Keywords: A. I. Solzhenitsyn, lyrics, prison poems, «Memories of Butyrskaya prison».

В 1976 г. на страницах эмигрантского журнала «Вестник русского христианского движения» появились два стихотворных произведения А. И. Солженицына - «На советской границе» (отрывок из поэмы «Дороженька», 1951) и «Россия?» (1952). Это была первая публикация поэтического наследия писателя. В предисловии, которое было предпослано стихотворениям, сочиненным в лагере, А. И. Солженицын давал такую уничижительную самохарактеристику: «Всё написанное в те [лагерные] годы, естественно, не считаю достижением поэтическим, но многие мысли и чувства тех лет сохранялись только в этой форме» [14, с. 148].
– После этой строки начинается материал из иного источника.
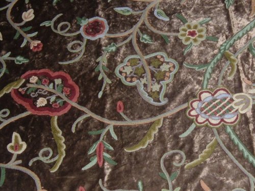 Crewel Fabric Lotus Modern Brown Cotton Viscose Velvet

Исследователи творчества А. И. Солженицын обходят вниманием его поэтические тексты. Возможно это происходит потому, что первая публикация книги стихотворений состоялась в 1999 г., в этом сборнике было опубликовано рассматриваемое стихотворение [15]. Даже авторитетный Ж. Нива в объемном труде «Александр Солженицын: Борец и писатель» из поэтических текстов называет только поэму «Дороженьку» [9]. Этой поэме посвящено несколько литературоведческих публикаций [6; 5; 10]. Среди текстов о лагерных стихах А. И. Солженицына выделяются статьи Бай Ян о тематических характеристиках избранного поэтического корпуса (о России, о любви) [1; 2; 3].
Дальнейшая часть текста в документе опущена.